Attorney General Henry McMaster has asked the State Law Enforcement Division to review all of Sanford's travel records to see if he broke any laws. State Rep. Vida Miller, a conservative Democrat, called for a legislative investigation.

"We have become an international embarrassment," she said. "At this point in time, I feel the well-being of our state is in jeopardy."

On Wednesday, Republican U.S. Rep. Gresham Barrett, a candidate for governor, became the first of the state's congressmen to call on Sanford to resign.

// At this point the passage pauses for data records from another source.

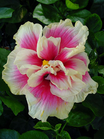 Kleur : cerise met witte rand Bloemvorm : dubbel Bloemgrootte : 18 cm Familie : Malvaceae Standplaats : Zon Overwinteringstemperatuur : 15 °C Bloeiperiode : April-november Opmerkingen : -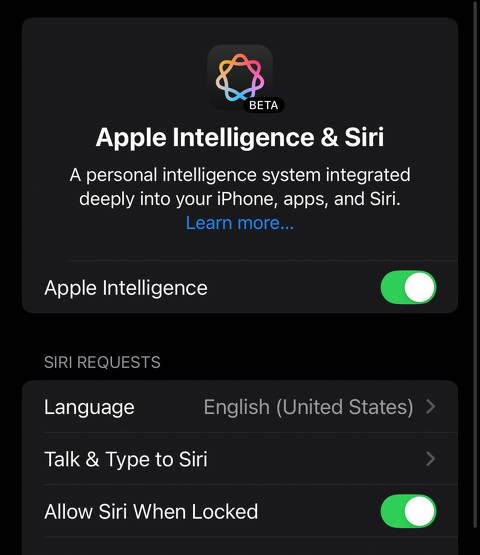 Apple Intelligenceを使うにはいくつかの条件がある。動作対象機種については、あえて後述する。その上でまず最新のOSにアップデートし「言語」の設定を「English」にする。OSの設定内に増えた「Apple Intelligence & Siri」という項目から登録し、しばらくすると使えるようになる。現状は、日本語設定のままでは利用できない。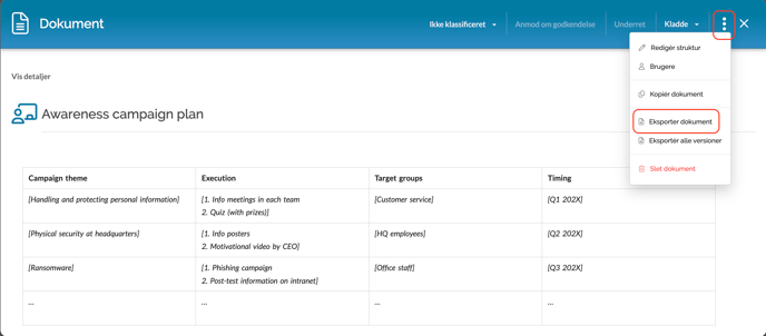 Hvis du åbner et vilkårligt dokument i Northgrc og klikke på de tre prikker i højre hjørne, og herefter eksporter dokument: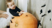 Mit den Fingern oder dem ganzen Körper erkundet das Kind den Kürbis. Indem Sie das Kind dabei sprachlich begleiten, erweitert es seinen Wortschatz und lernt verschiedene Gegenstände passend zum Halloween-Fest kennen.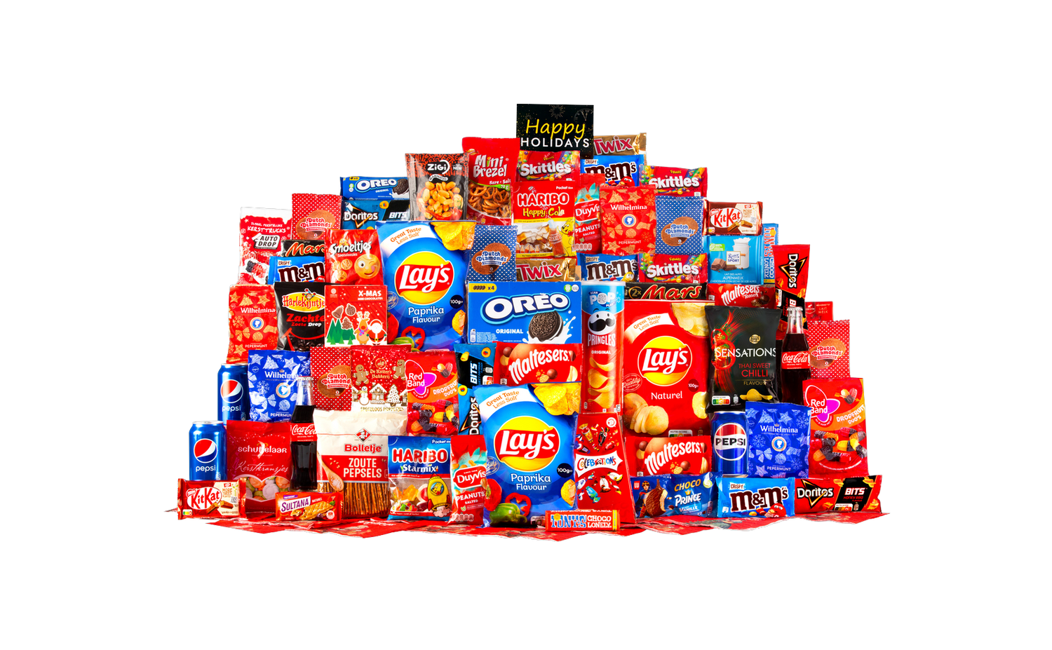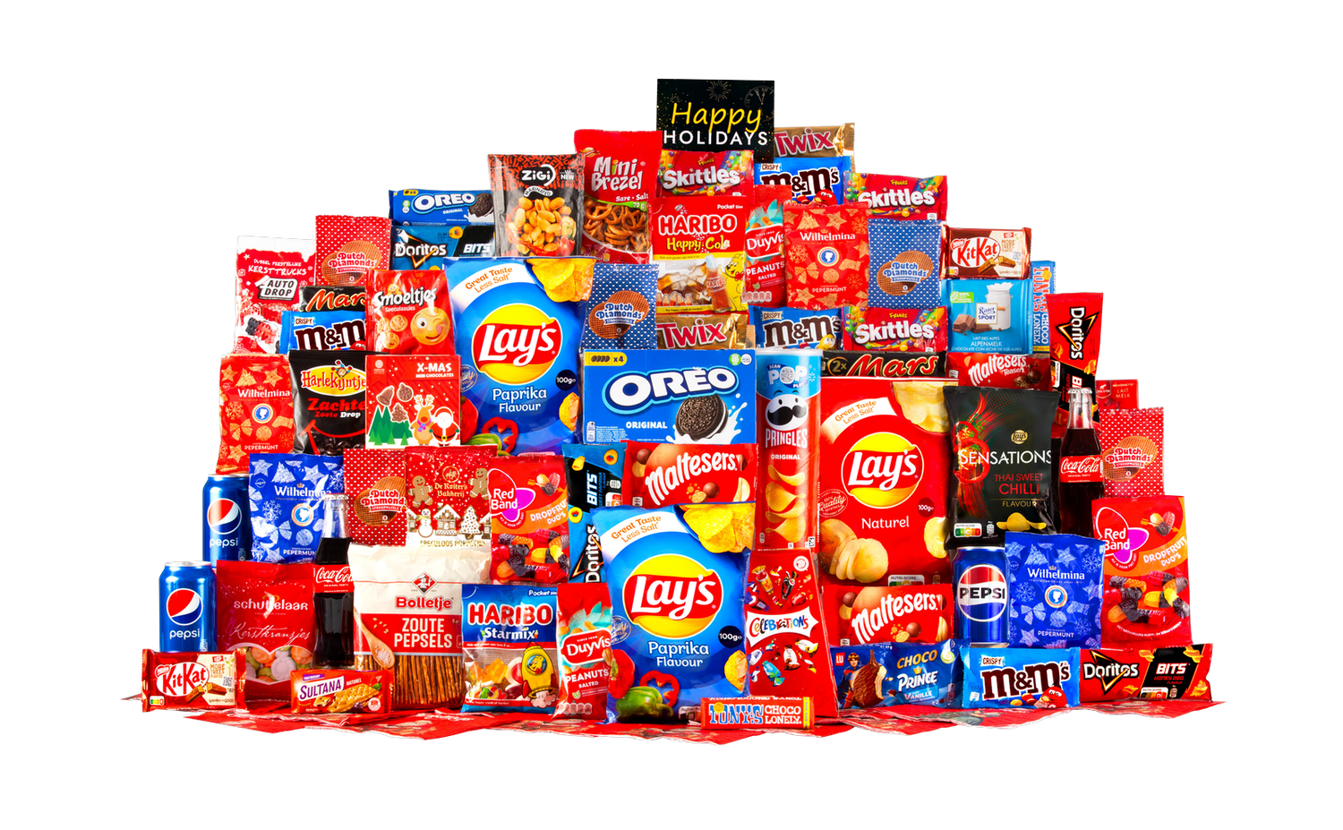 Wil je een onvergetelijke indruk maken deze feestdagen? Bestel dit feestelijke snoep- en snackpakket en ontvang een compleet, smaakvol en professioneel samengesteld cadeau dat iedereen blij maakt. Klik op 'In winkelwagen' om snel af te rekenen en verzekerd te zijn van een heerlijk cadeaupakket.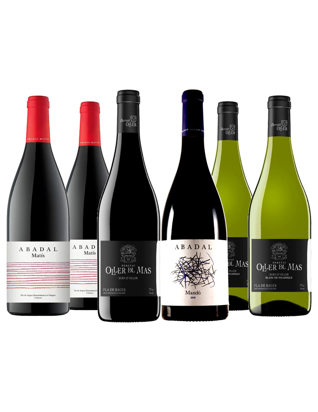 De Oller del Mas os presentamos su vino más representativo, el Bernat Oller, en sus versiones de tinto y blanco. La selección contiene una botella de tinto y dos de blanco. El Bernat Oller 2017 es un coupage de Merlot, Shiraz y Picapoll tinto madurado en barrica de roble durante quince meses. Es un vino elegante, con buena fruta y bien equilibrado que puede guardarse un tiempo. La producción fue de unas 27.000 botellas. El otro es el Bernat Oller Blanc de Picapolls que combina picapoll blanco y picapoll tinto (vinificado en blanco), ambas variedades autóctonas de Pla de Bages. Criado sobre sus lías, una parte del vino, alrededor del 10% también experimenta un paso por barrica lo que ayuda a remarcar su consistencia. En cualquier caso es un vino fresco, suave y de cuerpo medio que llena la boca con sensaciones delicadas. Producción limitada a 9.600 botellas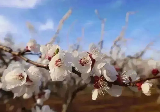 寫春日陽光里杏花綴滿了樹梢,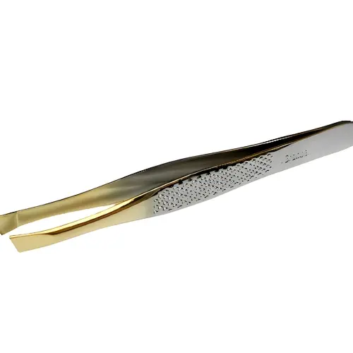 PINZA DEPILADORA PUNTA OBLICUA DORADA – Ref. 338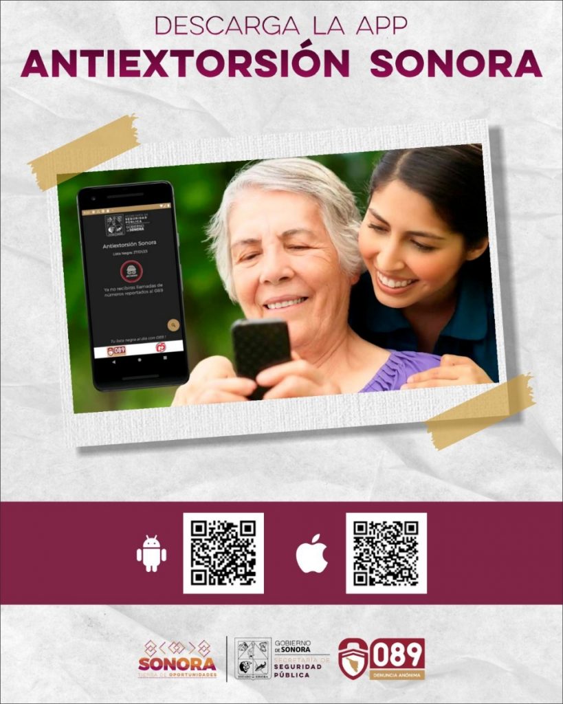 Hermosillo, Sonora.- Para prevenir que adultos mayores sean víctimas de una extorsión telefónica, el Gobierno de Sonora exhorta a descargar en sus celulares la aplicación Antiextorsión Sonora diseñada por la Secretaría de Seguridad Pública (SSP).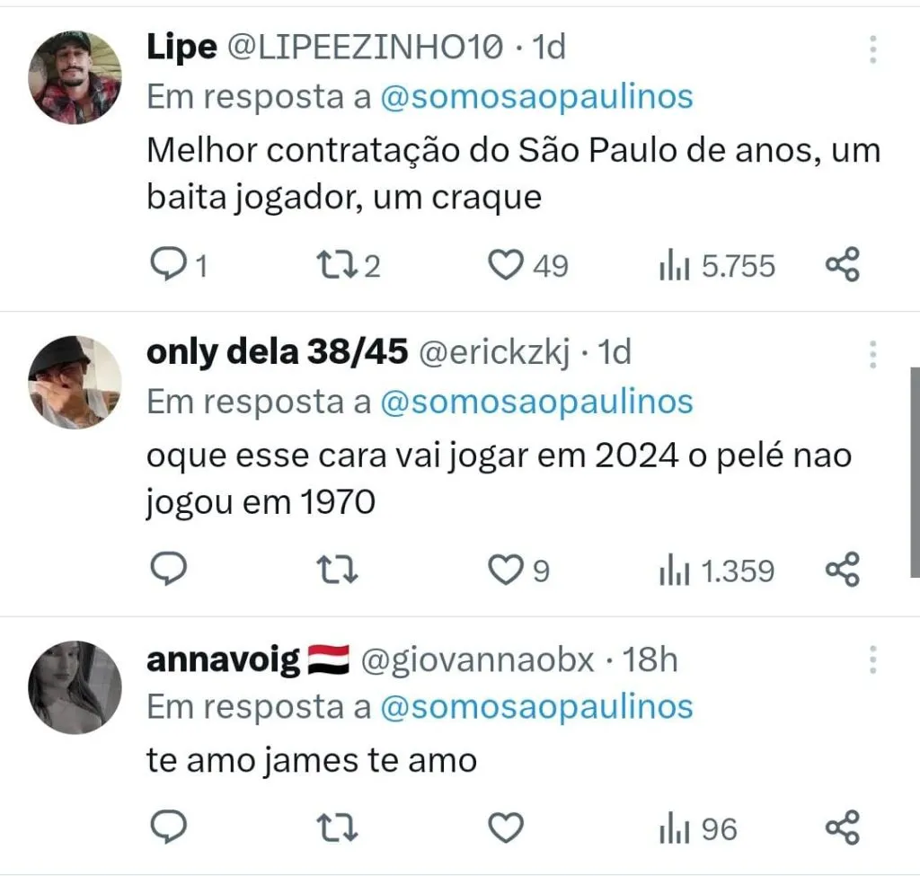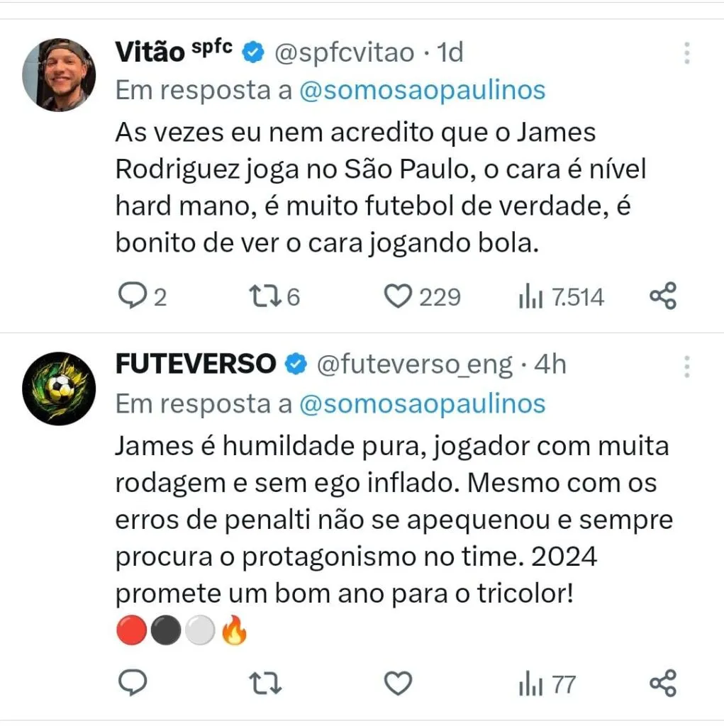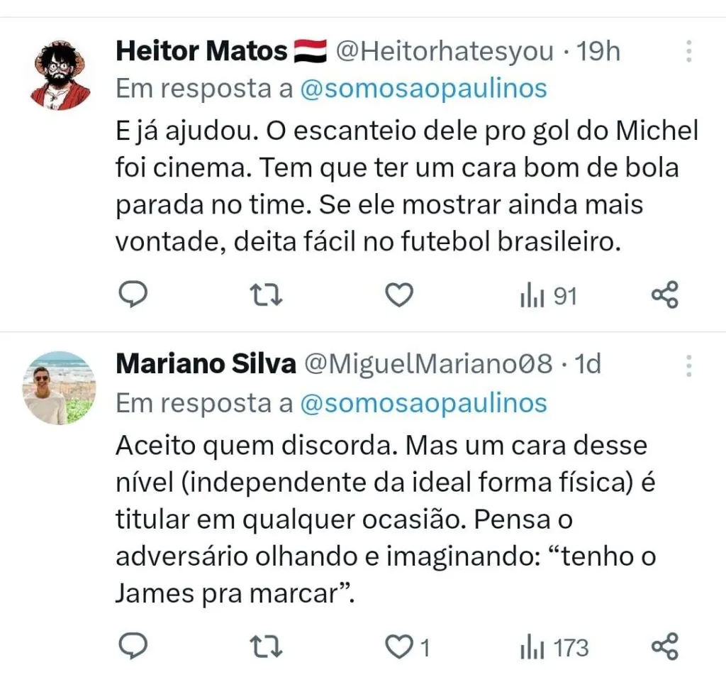 “Mas ele (James) foi muito solícito, foi muito profissional. O James é um cara de uma educação ímpar, diferenciada. Entendeu o momento da equipe, entendeu que a equipe estava num processo de acerto, vinha crescendo, e eu não poderia ser desleal com quem estava naquele momento atuando”, disse.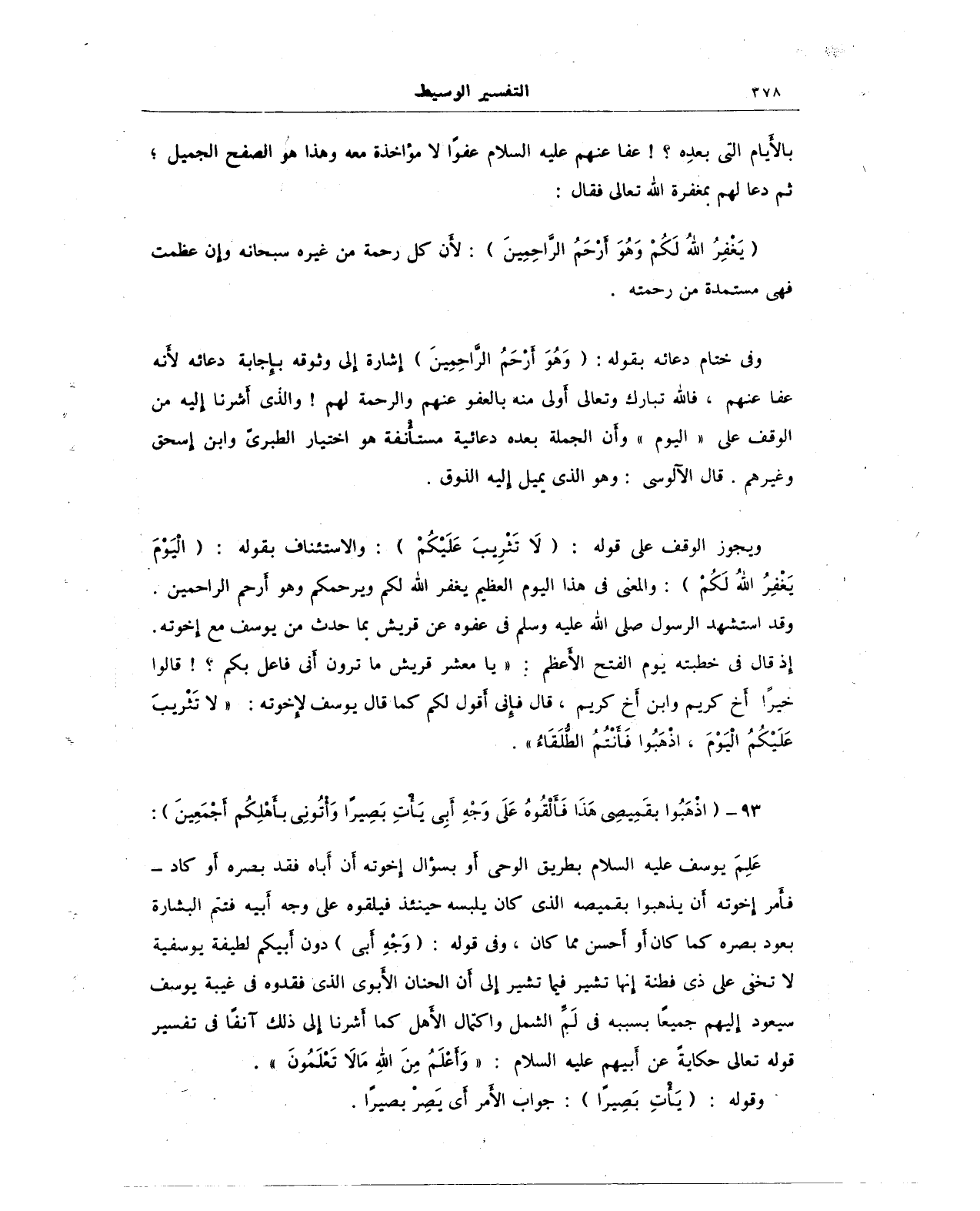 ويجوز الوقف على قوله: (لاَ تَثْرِيبَ عَلَيْكُمْ): والاستئناف بقوله: (الْيَوْمَ يَغْفِرُ اللهُ لَكُمْ): والمعنى في هذا اليوم العظيم يغفر الله لكم ويرحمكم وهو أَرحم الراحمين. وقد استشهد الرسول صلى الله عليه وسلم في عفوه عن قريش بما حدث من يوسف مع إِخوته. إِذ قال في خطبته يوم الفتح الأَعظم: "يا معشر قريش ما ترون أَني فاعل بكم؟! قالوا خيرًا أَخ كريم وابن أَخ كريم، قال فإِني أقول لكم كما قال يوسف لإخوته: "لا تَثْريبَ عَلَيْكُمُ الْيَوْمَ، اذهَبُوا فَأَنْتُمُ الطُّلَقَاءُ".

Though some state Senate Republicans have done the same, no one so far is talking seriously about going a step further and pressing for his removal. The state constitution allows the state's top elected officials to elevate the lieutenant governor if the governor is "unable to discharge the powers and duties of his office," but no law defines what that means.

"This section deals more with actual inability, on a respirator in a hospital because he's had a stroke or heart attack, not because he's nutty," said constitutional attorney John Harrell of Charleston, who could find no example of when the provision has been used. He said another example would be if Sanford had never returned from Argentina. "But I don't think a failure of personal life and being inappropriately lovestruck would necessarily rise to the level."

Jenny Sanford, who found out about the relationship in January when she discovered a letter the governor had written to Chapur, did not immediately return messages seeking comment after Sanford's latest revelations Tuesday. The Sanfords have four sons.

Sen. John Courson, R-Columbia, said he has been speaking with Sanford daily and the governor is exhausted but fit to the lead the state.

"He's very tired and this has been a very traumatic experience for him," Courson said. "I don't detect any emotional instability in his voice or inflections."

But citizens are upset.

"You like to have faith in your governor and ultimately the governor of your state affects the people of the state more than your national representatives," said Kristen Nichols-Voyer, a 27-year-old attorney from Charleston. "It's sad. It's let a lot of people down."